→ **Instructions to follow**
Take nothing but the lines from the one with "# defining a" through the one with "彭瑛关于文旅融合促进山地乡村" in the entries below, both ends kept, and return them exactly with pictures left out.

→ **Records for the exercise**
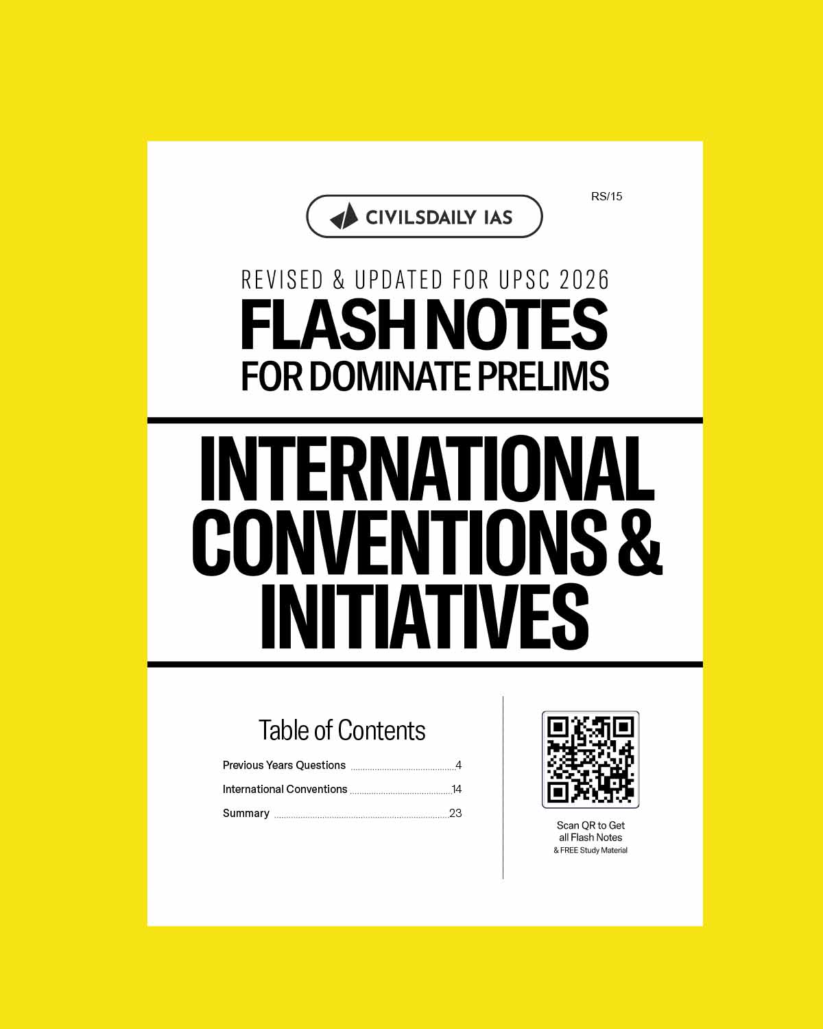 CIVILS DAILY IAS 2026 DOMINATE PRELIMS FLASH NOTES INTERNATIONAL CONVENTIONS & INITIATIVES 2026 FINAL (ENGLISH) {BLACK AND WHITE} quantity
---
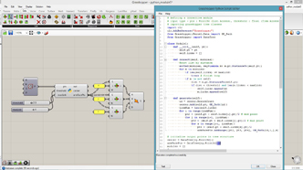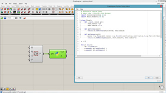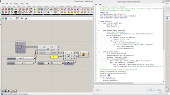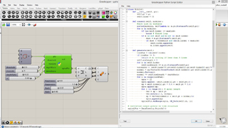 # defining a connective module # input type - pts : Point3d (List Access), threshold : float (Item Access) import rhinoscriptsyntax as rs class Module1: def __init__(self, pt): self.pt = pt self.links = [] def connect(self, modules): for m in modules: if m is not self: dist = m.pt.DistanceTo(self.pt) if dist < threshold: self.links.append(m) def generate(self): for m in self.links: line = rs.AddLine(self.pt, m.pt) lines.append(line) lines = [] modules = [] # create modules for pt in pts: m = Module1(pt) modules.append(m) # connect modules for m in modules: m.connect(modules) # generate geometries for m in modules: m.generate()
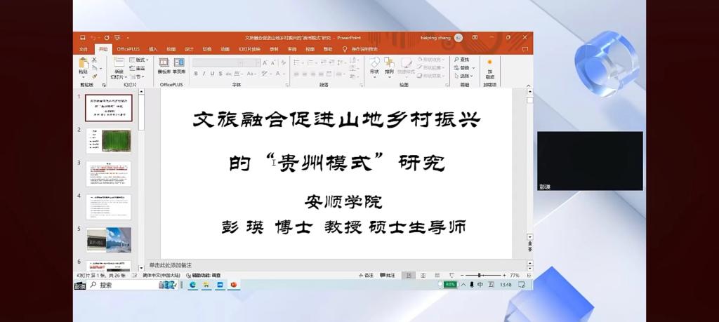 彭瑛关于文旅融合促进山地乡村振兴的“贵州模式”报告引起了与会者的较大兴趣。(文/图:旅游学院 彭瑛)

→ **Output of the exercise**
 # defining a connective module # input type - pts : Point3d (List Access), threshold : float (Item Access) import rhinoscriptsyntax as rs class Module1: def __init__(self, pt): self.pt = pt self.links = [] def connect(self, modules): for m in modules: if m is not self: dist = m.pt.DistanceTo(self.pt) if dist < threshold: self.links.append(m) def generate(self): for m in self.links: line = rs.AddLine(self.pt, m.pt) lines.append(line) lines = [] modules = [] # create modules for pt in pts: m = Module1(pt) modules.append(m) # connect modules for m in modules: m.connect(modules) # generate geometries for m in modules: m.generate()
 彭瑛关于文旅融合促进山地乡村振兴的“贵州模式”报告引起了与会者的较大兴趣。(文/图:旅游学院 彭瑛)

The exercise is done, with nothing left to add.